Pour la première fois du repas, Évelyne se tut. Elle semblait chercher une façon de faire rebondir la conversation sans être trop indiscrète. Ce moment de silence ne dura pas, elle trouva bien vite quelque chose à dire.
— Elle est venue me rendre visite avec des amies la semaine dernière.
— Qui ça ? Gwen, demanda Corentin.
— Oui. Ce devait être mardi ou mercredi après-midi, elle était avec deux autres filles de son lycée.

Fabrice ne mit pas longtemps avant de réagir.
— Je suppose qu’elles sont venues vous… te voir pour ton don de voyance.
— Mon pauvre Fabrice, soupira Évelyne. Je n’ai qu’une minuscule étincelle de don, mon travail tient plus de la psychologie que de la magie. Cela dit tu as raison pour leur visite, elles voulaient des renseignements sur les tarots.
— Gwenaëlle était-elle accompagnée d’une grande fille aux cheveux longs.
— Oui. Une fille au visage carré, avec de jolis yeux verts et qui devrait arrêter de pincer les lèvres. Je crois qu’elle s’appelle Émilie.

lundi 4 janvier 2010

Chapitre 1 de Limonade - Episode 8

Fabrice avait l’impression d’être un yo-yo passant sans cesse d’un monde normal à un autre complètement étrange. Il remercia poliment son hôtesse en croisant les doigts pour que la soirée ne lui réserve pas d’autre surprise.
— Je m’appelle Évelyne, pas madame. Et tu serais gentil d’arrêter de me vouvoyer, ça me donne l’impression d’être une vieille dame respectable.
Le regard de connivence qu’elle échangea avec son neveu signalait qu’il s’agissait d’une plaisanterie entre eux.
— Je descends préparer le repas, annonça Évelyne. Corentin, tu seras chou de ne pas laisser ton ami tout seul pour mettre Lucifer dehors, avec l’orage il doit être dans tous ses états.
— Ce chat est un monstre, expliqua Corentin.

Avant d’avoir été confronté à Lucifer, Fabrice trouvait les mises en garde de Corentin excessives pour un simple chat de gouttière noir. Il changea d’avis après que l’animal se soit jeté sur ses baskets et ait tenté d’escalader son pantalon.
— Lucifer n’aime pas les étrangers, dit Corentin en fermant la fenêtre sur le félin.
— Tu n’as pas été trop griffé ?
— Si un peu, mais j’ai l’habitude. Il lui a fallu un mois pour m’accepter et arrêter de me déchiqueter les mains à chaque fois que je l’approchais.

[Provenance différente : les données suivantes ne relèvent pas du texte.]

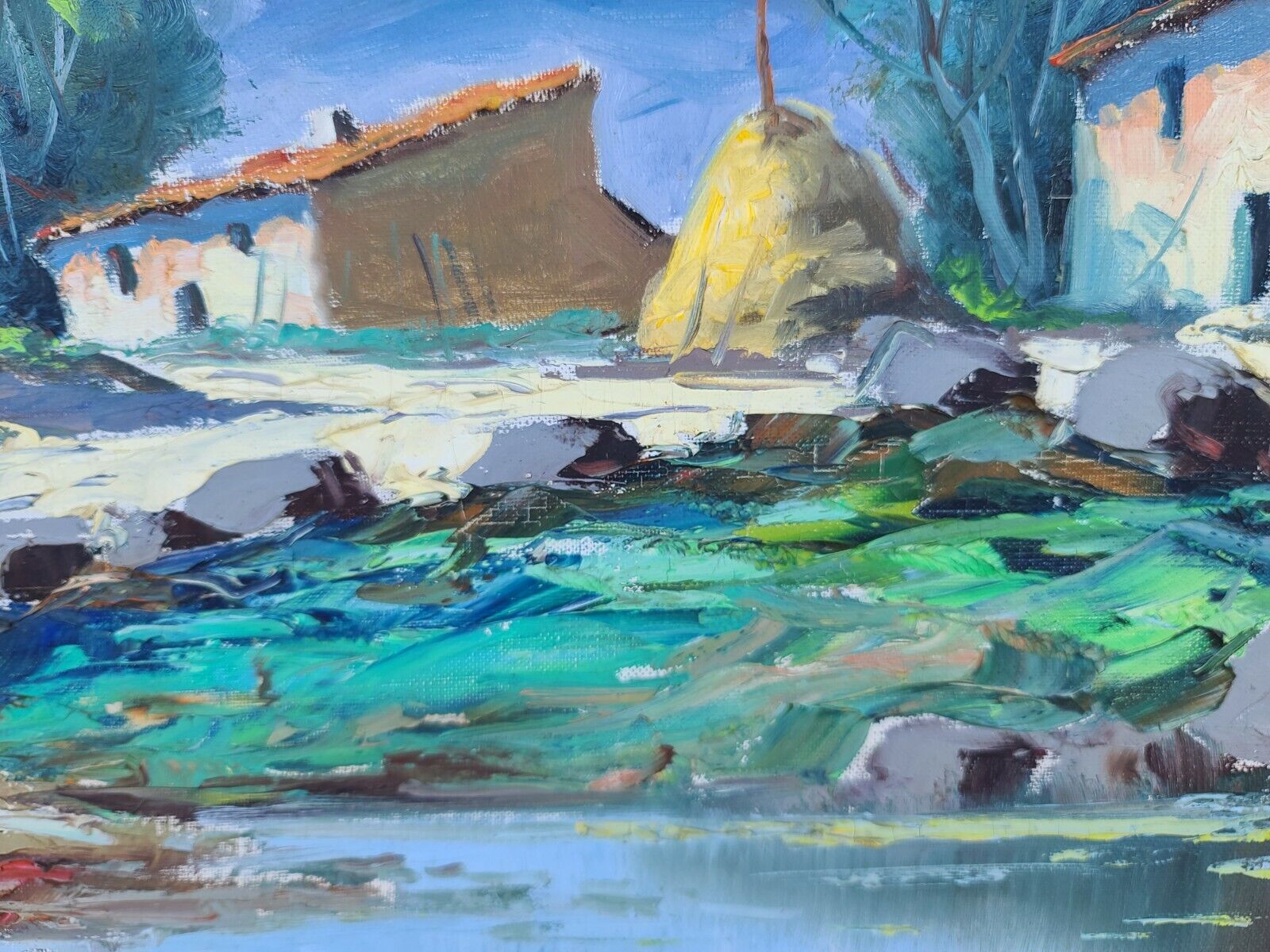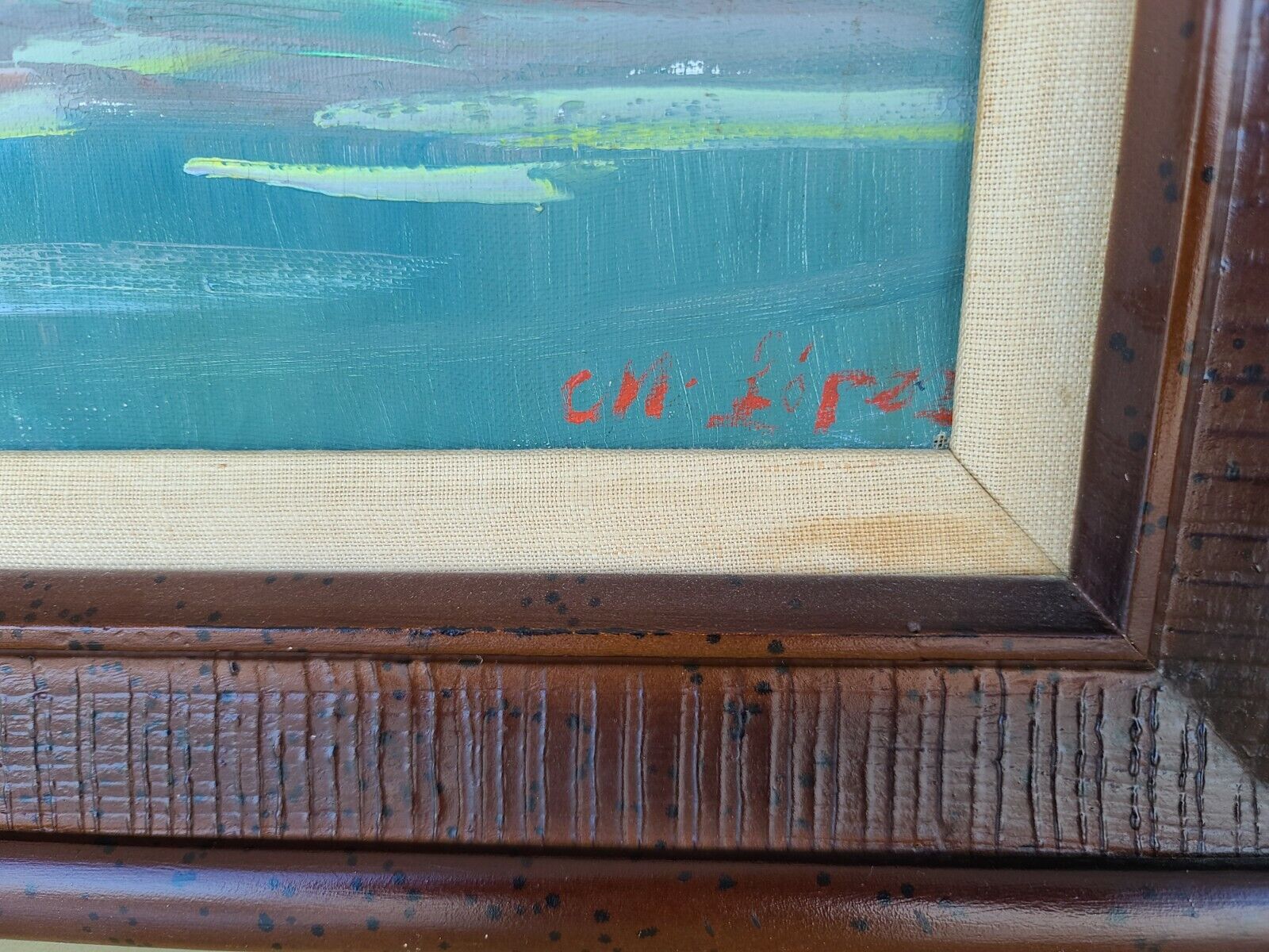 Vintage Signed Cityscape Village Landscape Oil Painting Framed

Derrière la vitre, le chat se mit à miauler.
— Tu n’habitais pas ici avant ?
— Non, je vivais chez mes parents à Trégouët. Ce n’était pas pratique pour aller au lycée, alors Gwen et moi sommes venus à Rennes. Allez, dépêche-toi d’appeler, il va finir par faire un trou dans la fenêtre.

vendredi 1 janvier 2010

Heureuse année 2010 !

Décidément, je n'ai pas de chance avec mes billets festifs. Ils disparaissent les uns après les autres sans laisser d'adresse.

Ça n'aura échappé à personne, nous sommes passés à l'année 2010. Je vais donc me livrer à un exercice que j'ai pu apprécié sur d'autres blogs : la liste de projets bloguesques.

1. Écrire les dix premiers chapitres de Limonade (actuel 1,5/10)
2. Finir ma série avec Vague, provisoirement appelée "Contes de la Lune"
3. Poursuivre et terminer "Les crocs du varou" (la suite du pendule)

Bien sûr, je compte aussi tenir mon rythme de mises à jour tri-hebdomadaire.

A côté de ça, je compte bien boire un maximum de thé, jouer avec des chats et lire des tas de livres (dont "Le domaine Blackwood" d'Anne Rice que je traine dans mon sac depuis le début des vacances).

Bonne année à vous tous. J'espère que vous avez des tas de projets pour 2010 et que cette année sera riche et amusante.